● **Task directions**
In the entries below, find the line containing "the accent panel." and the line containing "ほおづきトマトも、本当のトマトが青ざめて逃げるほどおいしかった・・・( ̄○ ̄;)( ̄○ ̄;)". Copy those two lines and everything between them exactly, and only that.

● **Material provided**

══════════════════════════════

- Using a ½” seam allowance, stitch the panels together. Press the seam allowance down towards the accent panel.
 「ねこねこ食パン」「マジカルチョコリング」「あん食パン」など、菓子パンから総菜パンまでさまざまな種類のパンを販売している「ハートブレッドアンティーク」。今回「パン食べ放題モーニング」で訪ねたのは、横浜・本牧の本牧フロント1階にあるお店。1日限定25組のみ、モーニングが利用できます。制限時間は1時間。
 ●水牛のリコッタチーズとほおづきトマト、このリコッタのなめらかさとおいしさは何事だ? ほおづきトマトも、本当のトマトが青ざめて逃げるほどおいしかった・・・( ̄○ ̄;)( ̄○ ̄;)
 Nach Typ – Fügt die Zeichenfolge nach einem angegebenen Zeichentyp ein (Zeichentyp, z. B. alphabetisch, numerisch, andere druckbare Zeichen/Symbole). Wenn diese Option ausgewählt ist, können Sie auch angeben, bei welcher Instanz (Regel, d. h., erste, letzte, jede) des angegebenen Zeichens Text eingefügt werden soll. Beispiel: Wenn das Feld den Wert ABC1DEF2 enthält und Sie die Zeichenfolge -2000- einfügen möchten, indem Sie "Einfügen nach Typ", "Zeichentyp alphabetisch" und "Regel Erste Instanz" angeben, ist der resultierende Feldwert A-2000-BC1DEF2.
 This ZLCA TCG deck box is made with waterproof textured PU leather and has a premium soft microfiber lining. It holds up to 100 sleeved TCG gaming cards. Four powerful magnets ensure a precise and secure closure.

══════════════════════════════

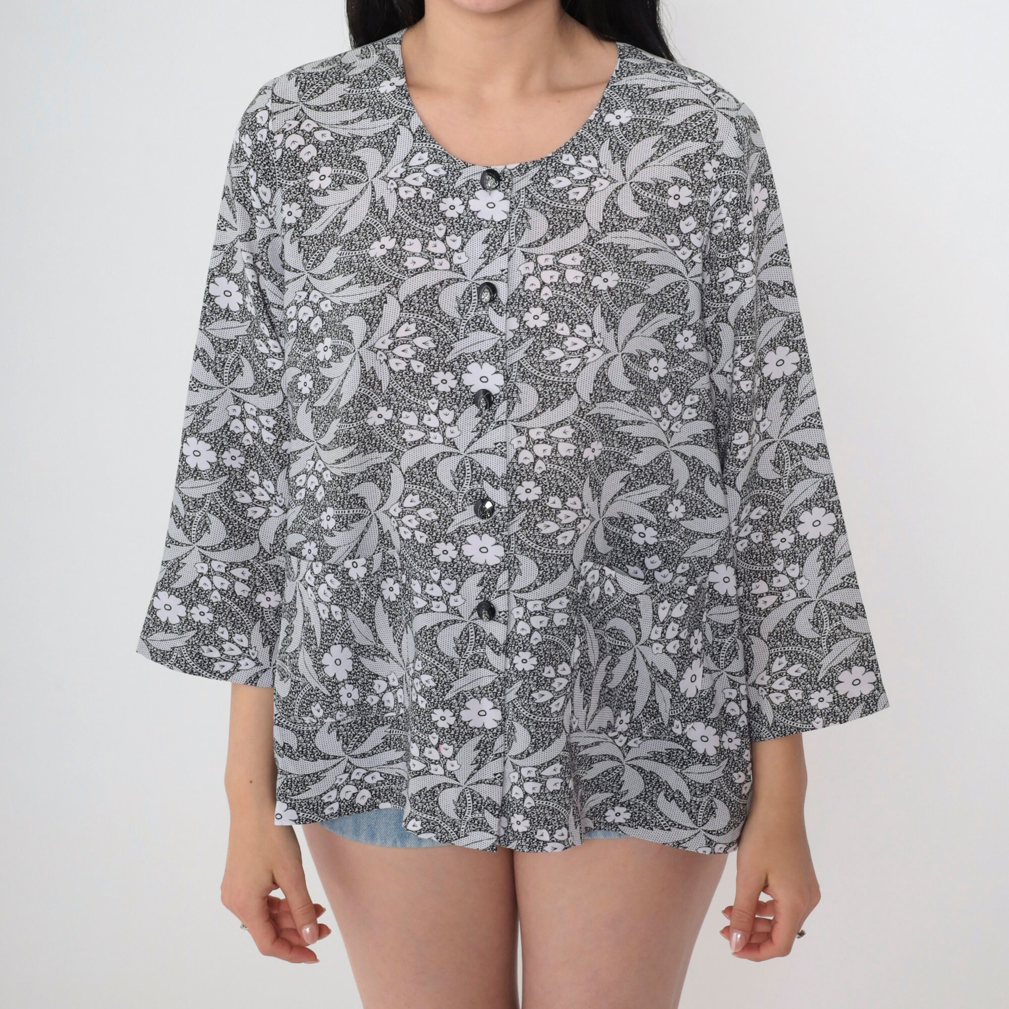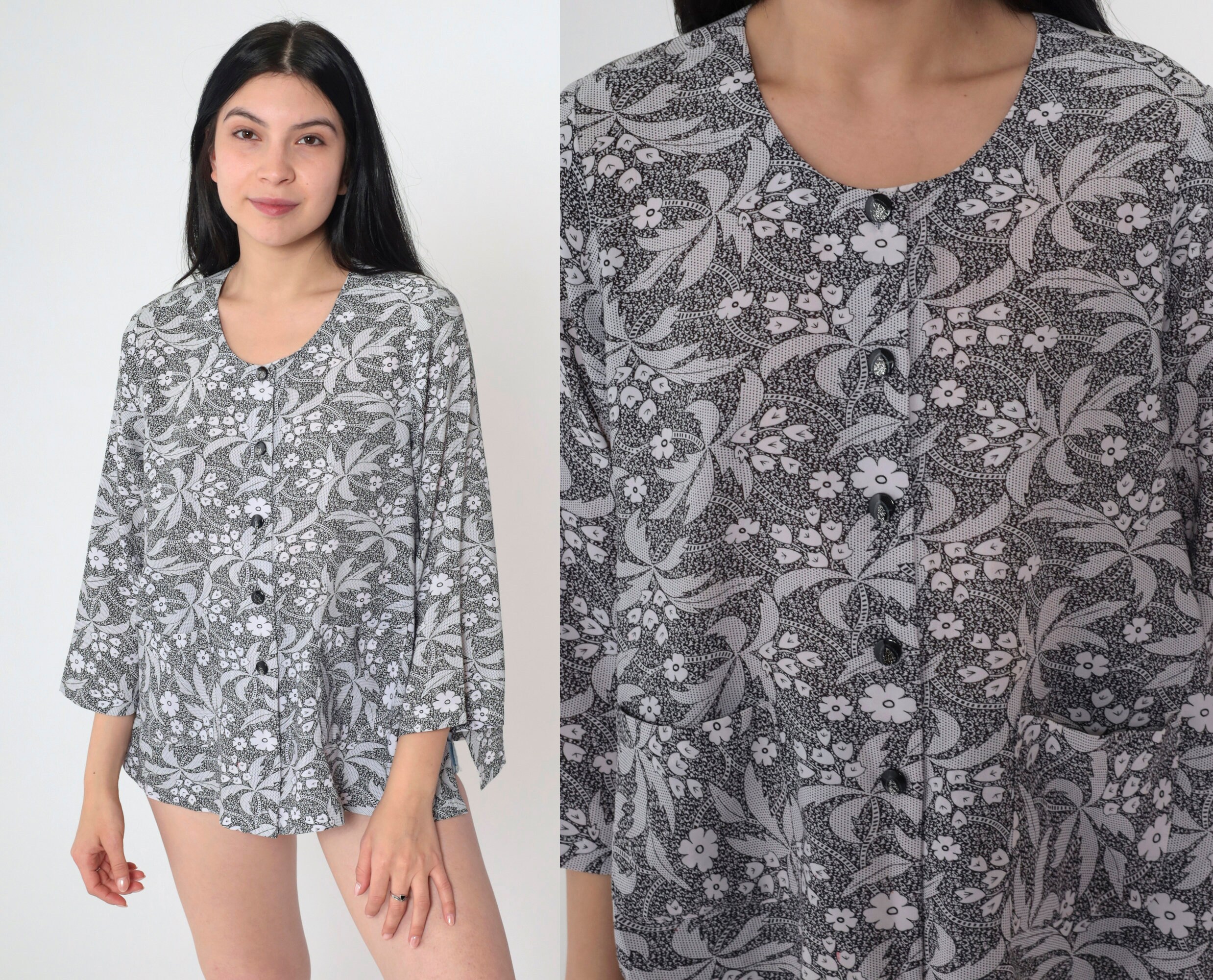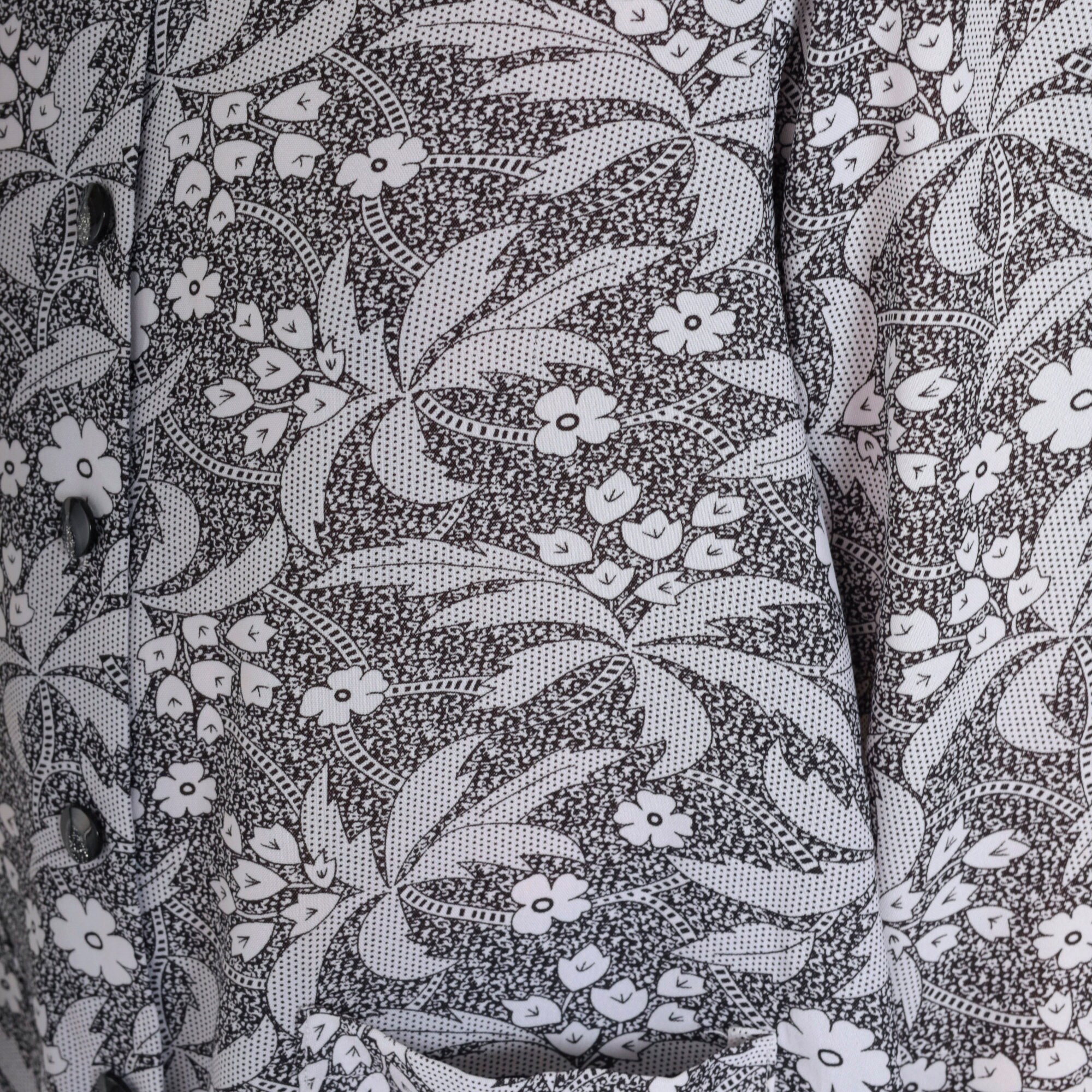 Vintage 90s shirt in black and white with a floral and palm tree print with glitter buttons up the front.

══════════════════════════════

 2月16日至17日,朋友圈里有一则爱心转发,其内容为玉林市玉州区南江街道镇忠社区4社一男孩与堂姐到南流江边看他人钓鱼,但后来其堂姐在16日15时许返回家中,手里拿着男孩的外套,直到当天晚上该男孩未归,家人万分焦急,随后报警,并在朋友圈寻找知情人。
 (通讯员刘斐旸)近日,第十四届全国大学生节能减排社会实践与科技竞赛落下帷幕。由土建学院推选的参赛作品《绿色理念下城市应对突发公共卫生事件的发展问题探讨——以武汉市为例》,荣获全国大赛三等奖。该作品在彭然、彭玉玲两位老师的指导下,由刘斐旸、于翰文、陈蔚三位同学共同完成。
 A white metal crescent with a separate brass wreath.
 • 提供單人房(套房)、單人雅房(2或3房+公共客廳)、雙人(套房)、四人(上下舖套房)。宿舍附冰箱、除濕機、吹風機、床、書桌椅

══════════════════════════════

● **Response to this task**
- Using a ½” seam allowance, stitch the panels together. Press the seam allowance down towards the accent panel.
 「ねこねこ食パン」「マジカルチョコリング」「あん食パン」など、菓子パンから総菜パンまでさまざまな種類のパンを販売している「ハートブレッドアンティーク」。今回「パン食べ放題モーニング」で訪ねたのは、横浜・本牧の本牧フロント1階にあるお店。1日限定25組のみ、モーニングが利用できます。制限時間は1時間。
 ●水牛のリコッタチーズとほおづきトマト、このリコッタのなめらかさとおいしさは何事だ? ほおづきトマトも、本当のトマトが青ざめて逃げるほどおいしかった・・・( ̄○ ̄;)( ̄○ ̄;)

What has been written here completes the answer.